== MATERIAL SUPPLIED
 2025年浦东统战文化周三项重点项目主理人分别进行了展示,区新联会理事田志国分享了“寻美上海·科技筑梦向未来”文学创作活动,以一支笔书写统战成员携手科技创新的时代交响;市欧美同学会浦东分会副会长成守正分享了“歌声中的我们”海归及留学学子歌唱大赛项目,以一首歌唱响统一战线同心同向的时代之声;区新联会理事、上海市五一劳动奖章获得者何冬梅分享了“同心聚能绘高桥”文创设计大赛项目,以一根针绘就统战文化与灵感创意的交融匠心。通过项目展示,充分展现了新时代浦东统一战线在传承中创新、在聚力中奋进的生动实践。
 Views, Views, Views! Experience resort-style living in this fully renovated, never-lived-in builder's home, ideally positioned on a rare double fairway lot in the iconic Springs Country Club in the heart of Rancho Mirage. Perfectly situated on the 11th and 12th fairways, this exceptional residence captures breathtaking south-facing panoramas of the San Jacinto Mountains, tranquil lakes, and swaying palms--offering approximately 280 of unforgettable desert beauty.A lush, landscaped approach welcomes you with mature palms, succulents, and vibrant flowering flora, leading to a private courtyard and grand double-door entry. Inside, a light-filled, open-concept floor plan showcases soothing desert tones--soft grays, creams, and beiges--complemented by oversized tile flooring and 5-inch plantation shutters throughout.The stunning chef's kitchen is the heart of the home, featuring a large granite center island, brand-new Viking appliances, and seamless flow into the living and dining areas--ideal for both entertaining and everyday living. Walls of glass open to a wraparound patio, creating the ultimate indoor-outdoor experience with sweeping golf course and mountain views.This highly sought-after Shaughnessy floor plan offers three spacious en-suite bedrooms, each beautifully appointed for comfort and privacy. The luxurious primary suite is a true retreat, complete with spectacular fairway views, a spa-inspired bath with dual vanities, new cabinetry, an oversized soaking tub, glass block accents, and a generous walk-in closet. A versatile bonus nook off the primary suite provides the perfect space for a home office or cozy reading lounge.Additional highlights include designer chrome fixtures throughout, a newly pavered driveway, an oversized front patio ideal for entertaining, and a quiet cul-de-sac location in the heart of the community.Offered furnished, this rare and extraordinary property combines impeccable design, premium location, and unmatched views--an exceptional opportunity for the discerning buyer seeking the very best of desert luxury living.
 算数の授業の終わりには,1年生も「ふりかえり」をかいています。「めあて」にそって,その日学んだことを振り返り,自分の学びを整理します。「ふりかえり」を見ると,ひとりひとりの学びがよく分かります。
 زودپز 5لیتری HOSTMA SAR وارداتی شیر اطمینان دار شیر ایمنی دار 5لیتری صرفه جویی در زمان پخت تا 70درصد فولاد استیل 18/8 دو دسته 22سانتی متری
====
== MATERIAL SUPPLIED
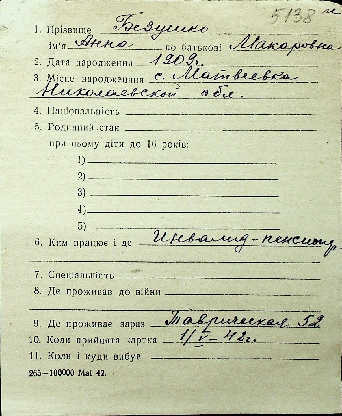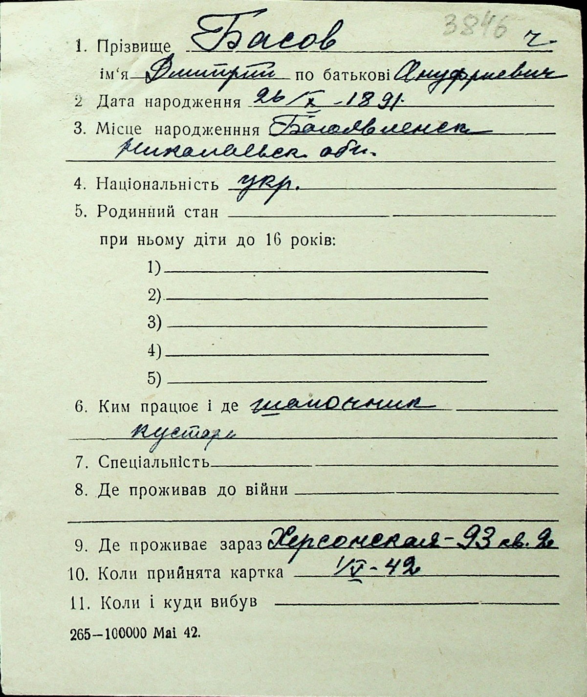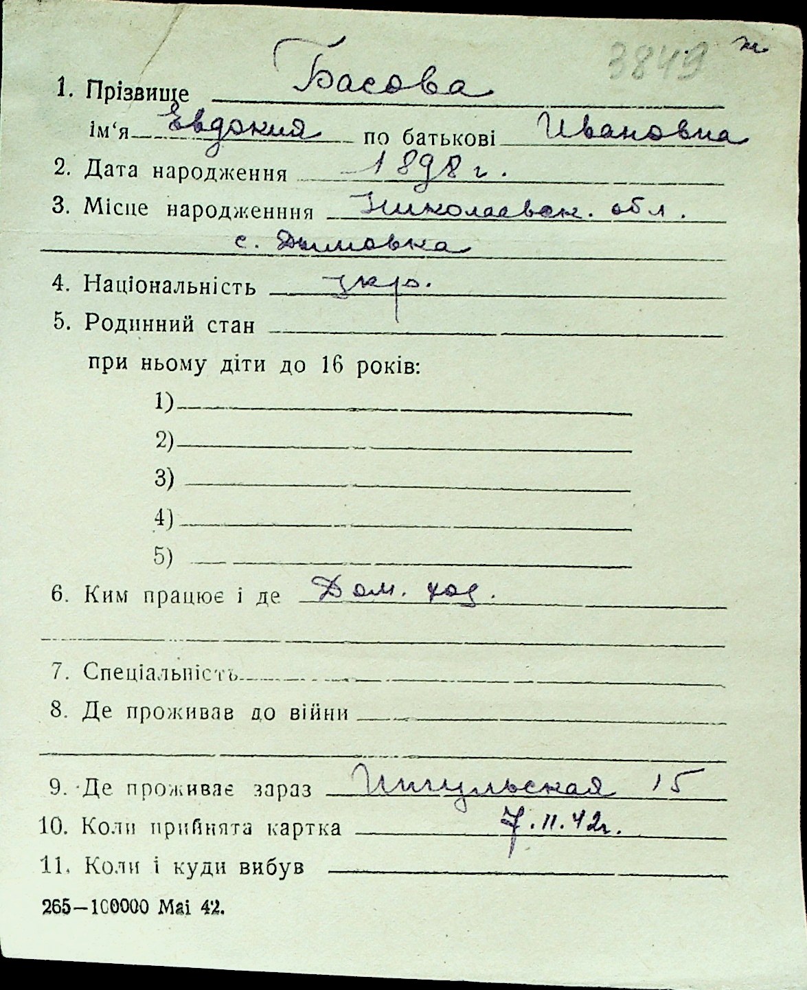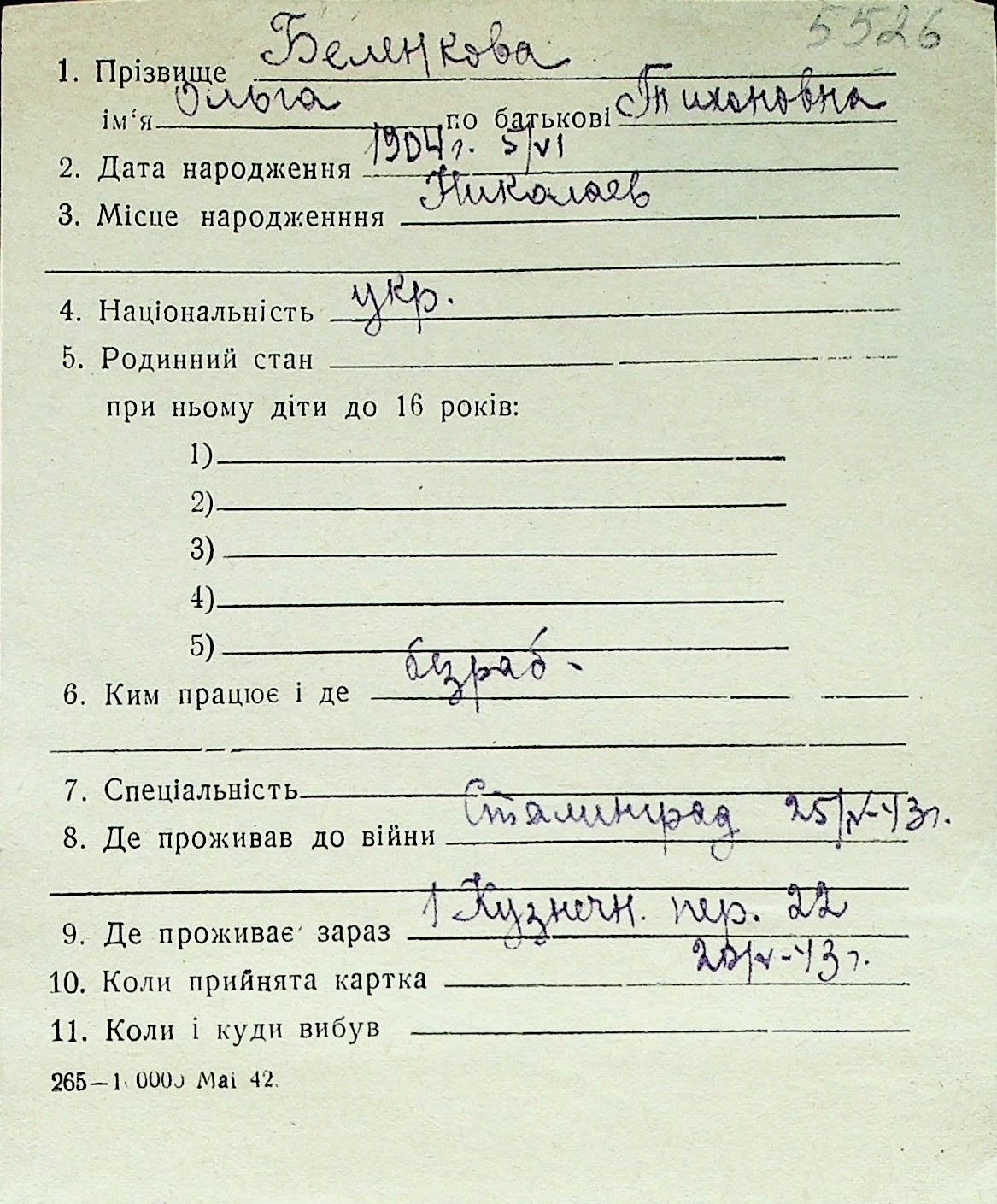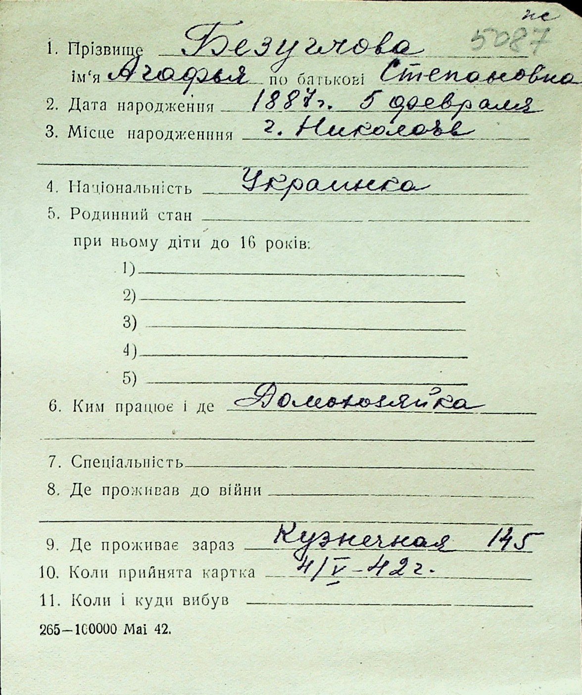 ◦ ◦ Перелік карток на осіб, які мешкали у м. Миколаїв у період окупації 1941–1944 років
====
**WHAT THE EXERCISE ASKS:** Beginning with the line above that contains "2025年浦东统战文化周三项", copy each line exactly up to and including the line that contains "Views, Views, Views!", and go no further.

**SOLUTION BELOW:**
 2025年浦东统战文化周三项重点项目主理人分别进行了展示,区新联会理事田志国分享了“寻美上海·科技筑梦向未来”文学创作活动,以一支笔书写统战成员携手科技创新的时代交响;市欧美同学会浦东分会副会长成守正分享了“歌声中的我们”海归及留学学子歌唱大赛项目,以一首歌唱响统一战线同心同向的时代之声;区新联会理事、上海市五一劳动奖章获得者何冬梅分享了“同心聚能绘高桥”文创设计大赛项目,以一根针绘就统战文化与灵感创意的交融匠心。通过项目展示,充分展现了新时代浦东统一战线在传承中创新、在聚力中奋进的生动实践。
 Views, Views, Views! Experience resort-style living in this fully renovated, never-lived-in builder's home, ideally positioned on a rare double fairway lot in the iconic Springs Country Club in the heart of Rancho Mirage. Perfectly situated on the 11th and 12th fairways, this exceptional residence captures breathtaking south-facing panoramas of the San Jacinto Mountains, tranquil lakes, and swaying palms--offering approximately 280 of unforgettable desert beauty.A lush, landscaped approach welcomes you with mature palms, succulents, and vibrant flowering flora, leading to a private courtyard and grand double-door entry. Inside, a light-filled, open-concept floor plan showcases soothing desert tones--soft grays, creams, and beiges--complemented by oversized tile flooring and 5-inch plantation shutters throughout.The stunning chef's kitchen is the heart of the home, featuring a large granite center island, brand-new Viking appliances, and seamless flow into the living and dining areas--ideal for both entertaining and everyday living. Walls of glass open to a wraparound patio, creating the ultimate indoor-outdoor experience with sweeping golf course and mountain views.This highly sought-after Shaughnessy floor plan offers three spacious en-suite bedrooms, each beautifully appointed for comfort and privacy. The luxurious primary suite is a true retreat, complete with spectacular fairway views, a spa-inspired bath with dual vanities, new cabinetry, an oversized soaking tub, glass block accents, and a generous walk-in closet. A versatile bonus nook off the primary suite provides the perfect space for a home office or cozy reading lounge.Additional highlights include designer chrome fixtures throughout, a newly pavered driveway, an oversized front patio ideal for entertaining, and a quiet cul-de-sac location in the heart of the community.Offered furnished, this rare and extraordinary property combines impeccable design, premium location, and unmatched views--an exceptional opportunity for the discerning buyer seeking the very best of desert luxury living.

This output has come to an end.